Call her Brandi Bird.
I slam my wrists against white
walls covered with poems
written by dead women. I am unembarrassed
& profound in girlhood. Here in the psych ward, nurses
only give me sticky tack & printer paper.
Fragments. I
can only read in fragments. I act
crazier than I am
because I am performing for God
&/or the concept
of god in my head. They are two different
things. One is more alive
than the other. A head of thorns,
no eyes or maybe the holes
are eyes. The other is water
rushing into whatever
container will hold it.
Sometimes a container is a girl.
Sometimes a girl looks out
the corner of her eye & sees the water receding.
I act crazy.
That’s what makes me crazy.
You don’t even need to be insane
for them to lock you up my mother once tells me
as we watch Girl, Interrupted on a Friday night. We eat popcorn
by the handful. Wild like we will never eat again. All I am is extreme
attention to salt on my
tongue.
We wipe grease off on our shirts & I throw up
in blue tupperware after bedtime. I hide
the containers in my closet under Spice Girl sticker books
& dirty underwear. I am careful & quiet & I wash the plastic
with soap & water. I don’t flinch
when my mother
puts tomato sauce
in them the next day.
Everything that comes out of me is yellow.
An overpour of bad humor.
Drain me.
I was jaundiced at birth. A baby encased
in salt & amber. My mother
cracked me open with dry hands,
palms rough, her labour long
& forgotten by the end of that day.
She pulled me out & I
was a ray of sunlight
that burnt her eyes.
She punished me for it. Now I punish
myself.
My mother thinks she knows me
but she doesn’t anymore. She isn’t allowed
to visit the ward & I pace
the halls until a nurse yells
at me to go back to bed.
I gain x pounds
of refeeding edema overnight.
It’s water,
the doctors tell me.
Isn’t everything that’s alive?
I overflow
& don’t consider
that I can take other people
with me in my wake. Awake
after the sun sets, a sullen mood
catches the psych ward like the moon
has kissed us all on our sweaty foreheads & walked
away. We all fear abandonment.
I am forced to take seroquel & I stupor. A girl asks
me for a lesson in throwing up. I tell her
it’s not something I would wish
on anyone. Really I just don’t
want competition from another white girl.
Their sadness is prettier than mine.
My cells are greedy as children. They hoard salt, they hoard
attention, they hoard memories.
I miss the child I was but I can’t remember her face. Only a collection
of feathers on the sidewalk, components
of something that could take flight. I make up
a child in my head & shake on my feet
while Degrassi: The Next Generation plays
in the common room. I refuse to sit down.
I stand to watch Emma starve
until a nurse turns off the episode.

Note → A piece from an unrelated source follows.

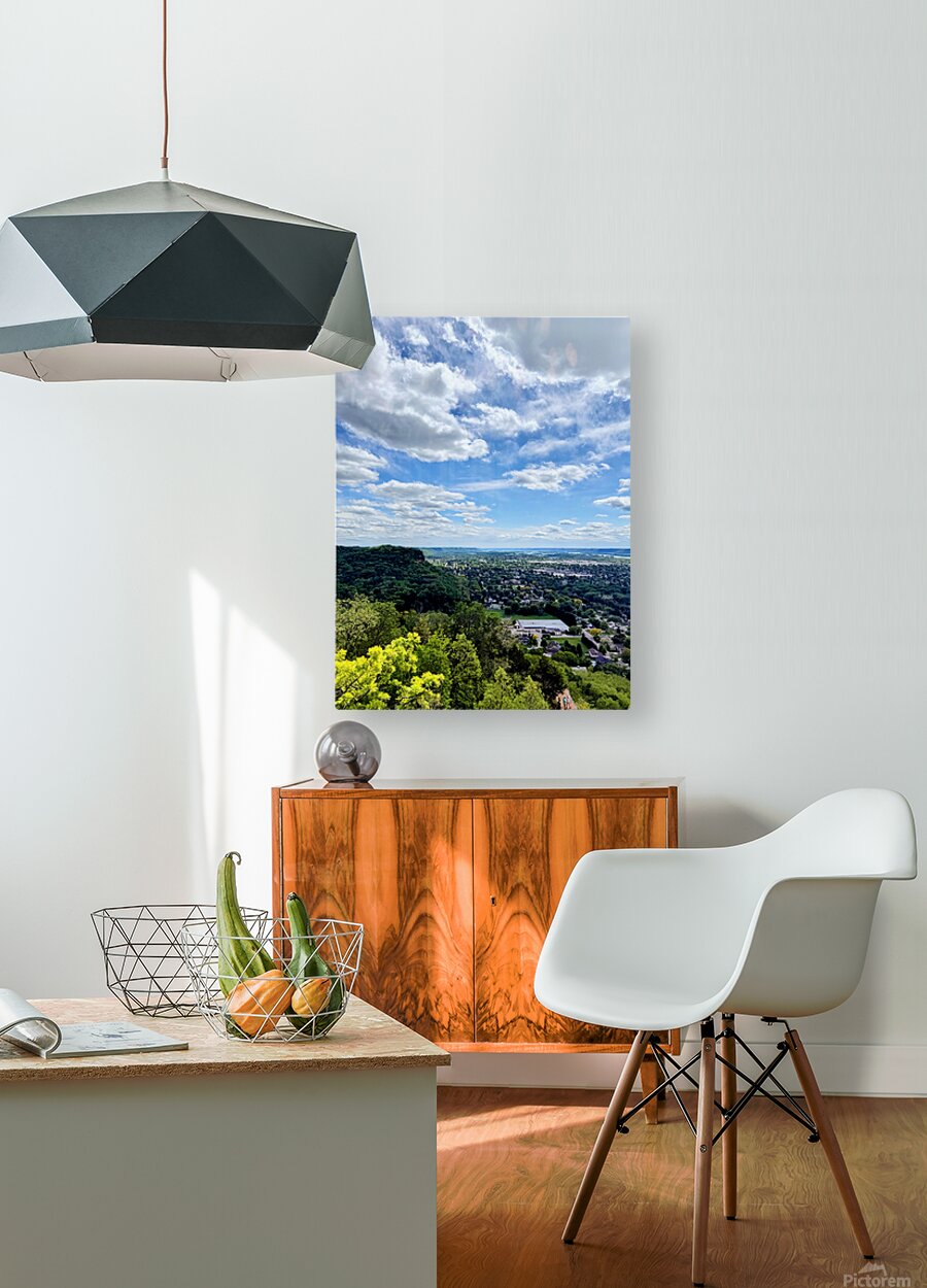 A vibrant overlook bursting with color and charm. This sun-kissed town is wrapped in greenery and scattered clouds, offering a perfect balance of structure and wild. A beautiful tribute to small-town life and the warmth of familiarity.

Emma is suspended
& starves forever. No one
finds out & she never even dies. Just exists
with blonde hair so soft I wish I could touch.
I want to shove my fingers down Emma’s throat.
See if she’s the real thing. I want her
initiation, the loyalty to the
cause.
I dye my hair black.
I want to make
a doll out of what falls out. Play house
or set it on fire with Red Bird matches. When I’m an adult,
I will cut my hair with purple safety scissors
in a fake plastic mirror at another treatment centre. I sweep
up the strands & dump them in the trash with tampons
& floss. There is no ceremony
because I am unworthy. Instead, I pose
for pictures on the Macbook my uncle bought
with money he saved by stealing copper
at night. In every photobooth picture
I am unmoved or immoveable.
On the psych ward, I appear in chunks
of hospital plexiglass, refracted & profane. Call me rounded
edges. Call me rigid. I call for my mother
in my sleep & the whole city collapses
into hallways. The whole
country. I am not a citizen here. I am
not allowed to leave. The nurses
won’t let me forget it.
The psychiatrist says I hold people
emotionally hostage.
The world is my hostage
because I have nowhere else
to go.
I argue with the nurses about Dialectical Behavioural Therapy.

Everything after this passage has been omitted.